FIG. 14 shows a conventional pneumatic tire 2. The tire 2 includes a pair of beads 4 and a carcass 6. Each bead 4 includes a ring-shaped core 8 and an apex 10 extending from the core 8 outward in a radial direction. The carcass 6 extends on and between one of the beads 4 and the other bead 4.
FIG. 15 shows a cross-section of the core 8 of the bead 4. The core 8 includes a cord 12 extending in a circumferential direction. In the bead 4, the core 8 is formed by winding the cord 12 in the circumferential direction a plurality of times.
The tire 2 is fitted onto a rim. When the tire 2 is fitted onto the rim, each bead 4 portion comes into contact with a flange of the rim. As described above, the core 8 is formed by winding the cord 12 in the circumferential direction a plurality of times. The core 8 tightens the rim. Thus, the tire 2 is prevented from being displaced or coming off from the rim.
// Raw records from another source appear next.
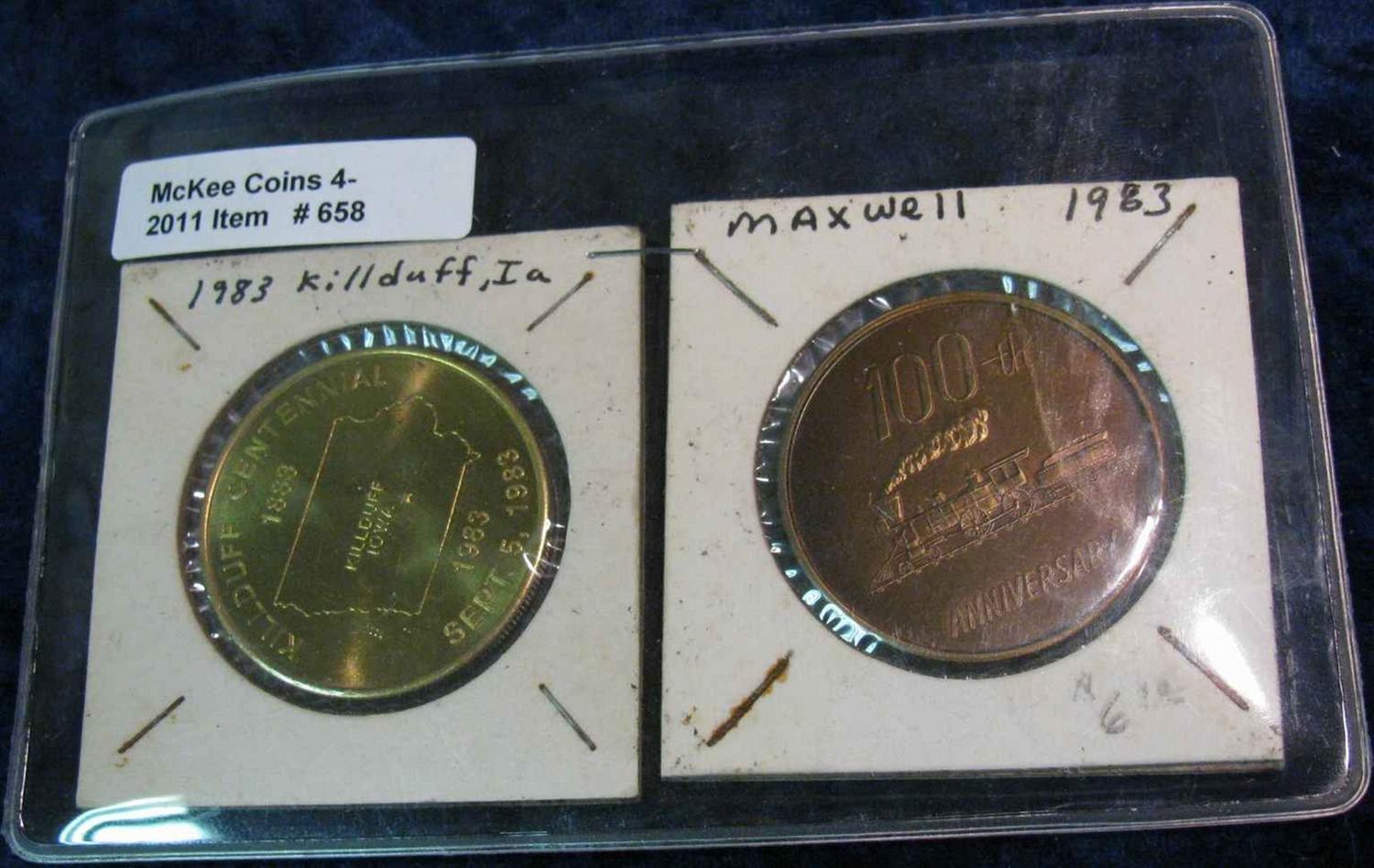 658. 1883-1983 Maxwell, Ia. & Killduff, Ia. Centennial Medals. Both brass.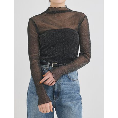 キラキラとしたラメ感が華やかな印象のハイネックトップス。ほどよい透け感のあるシアー素材に、フリルのようなメロウが女性らしさを演出してくれます。一枚着としてはもちろん、キャミワンピースやサロペットのインナーとしても活躍するアイテムです。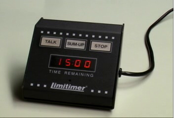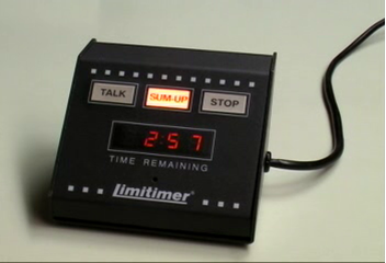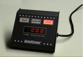 There are three lights following the same scheme as the traffic-light aid. When the timer is started, the green light ("TALK") is lit. After twelve minutes have passed three minutes remaining, the yellow light ("SUM UP") is lit, and after fifteen minutes, the red light ("STOP") is lit. These are shown in Figure 2, 3, and 4.

FIG. 16 shows a state where the tire 2 is fitted onto a rim 14. As shown in the drawing, one bead 4a portion is brought into contact with one flange 16a of the rim 14. The other bead 4b portion is dropped into a drop 18 of the rim 14. Air is injected into the space surrounded by the inner surface of the tire 2 and the rim 14, whereby the other bead 4b portion comes into contact with the other flange 16b. Accordingly, fitting the tire 2 onto the rim 14 is completed. The pressure of the air injected during fitting is referred to as fitting pressure. The fitting pressure influences ease of fitting the tire 2 onto the rim 14. Various examinations have been made in order to reduce the fitting pressure. One example of the examinations is disclosed in JP2002-36830.